The research was published online on Oct. 6, 2016 by JAMA Oncology. Read the abstract of “Association of Adjuvant Tamoxifen and Aromatase Inhibitor Therapy With Contralateral Breast Cancer Risk Among US Women With Breast Cancer in a General Community Setting.”

Many studies have shown that women diagnosed with hormone-receptor-positive breast cancer who take hormonal therapy after surgery have a lower risk of developing breast cancer in the other breast. But as the researchers who did this study point out, the results of a study done in a very controlled clinical environment aren’t always achieved in the real world. For example, in clinical studies, women have to document that they took the complete course of hormonal therapy. In the real world, we know that many women stop taking hormonal therapy early or may stop taking the medicine for a long period of time and then start taking it again.

So the researchers wanted to measure the benefits of hormonal therapy in a real-world setting.

To do the study, the researchers looked at the records of 7,541 women diagnosed with breast cancer between 1990 and 2008. The women lived in Colorado or Oregon.

The women ranged in age from about 25 to about 85; about 93% of the women were white. The researchers had about 6 years of follow-up information on the women.

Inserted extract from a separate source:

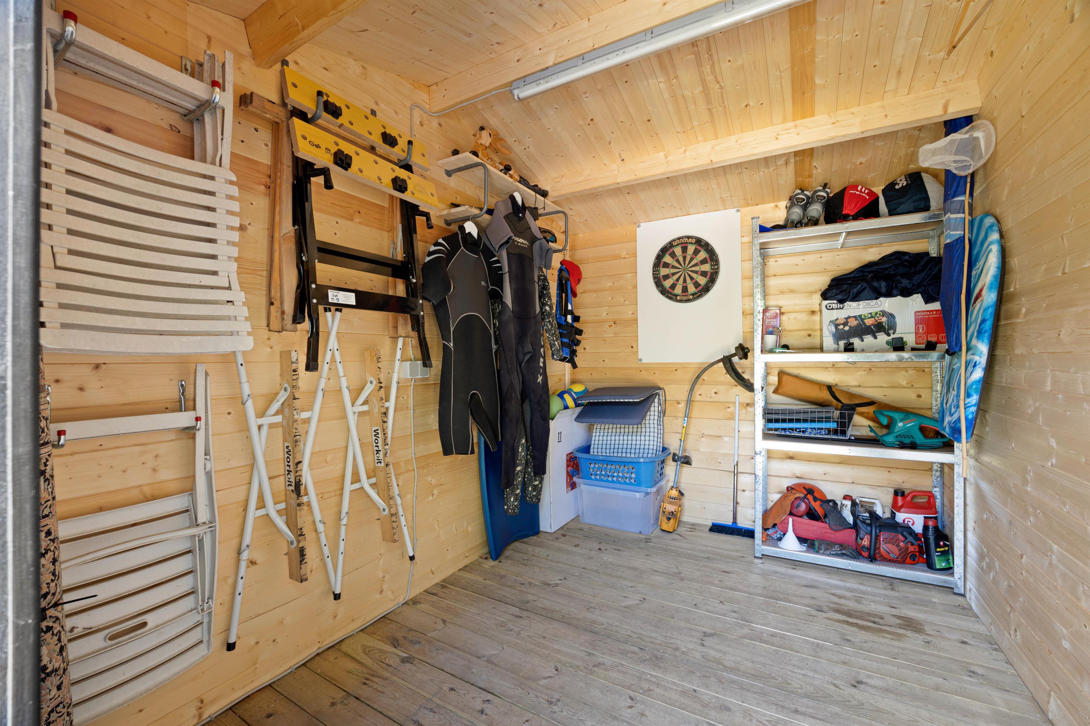 Udenfor er der store træterrasser med havemøbler, der er delvis overdækket. Her er der rigelig siddeplads, så I kan nyde solen, mens børnene leger udenfor. Når I kommer tilbage fra en lang og varm dag på stranden, er der endda en udendørs bruser til at skylle sandet af. Der er en grill til rådighed, hvor I kan tilberede friske skaldyr eller saftige bøffer og nyde den fantastiske udsigt over det grønne.

About half the women in the study took tamoxifen:

  • 52% of the women (3,900 women) took tamoxifen -- half the women took the medicine for fewer than 3.3 years and half the women took the medicine for longer than 3.3 years
  • About 25% of the women (1,929 women) took an aromatase inhibitor:
    • 963 women took both tamoxifen and an aromatase inhibitor -- half the women took hormonal therapy for fewer than 2.2 years and half the women took hormonal therapy for longer than 2.2 years
    • 966 women took only an aromatase inhibitor -- half the women took the medicine for fewer than 2.9 years and half the women took the medicine for longer than 2.9 years

During follow-up, 248 women were diagnosed with breast cancer in the other breast:

  • 45 cancers were DCIS
  • 203 cancers were invasive disease

The researchers’ analysis showed that the risk of developing breast cancer in the opposite breast decreased the longer a woman took tamoxifen. Compared to women who didn’t take hormonal therapy, women who took tamoxifen for 4 years had a 66% lower risk of developing breast cancer in the other breast.

And the benefits of tamoxifen lasted: Even 5 years after a woman stopped taking tamoxifen, her risk of contralateral breast cancer was lower than a woman who had never taken hormonal therapy.

Women who took only an aromatase inhibitor had about a 52% lower risk of developing breast cancer in the opposite breast compared to women who didn’t take hormonal therapy.

If you’ve been diagnosed with hormone-receptor-positive breast cancer and will be taking hormonal therapy after surgery and other treatments, it’s very important that you take the medicine for as long as it’s prescribed and at the dose at which it is prescribed. Hormone-receptor-positive breast cancer can come back, and hormonal therapy after surgery reduces that risk -- you must remember that.

Side effects caused by hormonal therapy can be very troublesome for many women. It’s important to talk to your doctor as soon as you start having any side effects, such as hot flashes, joint pain, blood clots, trouble sleeping, fatigue, or difficulty concentrating. Don’t wait until the symptoms are intolerable and you have to stop taking the medicine. There are steps you can take to ease these side effects, including switching to a different type of hormonal therapy.

For more information, visit the Breastcancer.org pages on Staying on Track With Treatment. You can read about why it’s so important to stick to your treatment plan, as well as ways to manage side effects after radiation, chemotherapy, and hormonal therapy. If you’re taking hormonal therapy after surgery now, stick with it as prescribed. If you’re thinking of stopping early, talk to your doctor first. Together, you can find a solution that is best for you.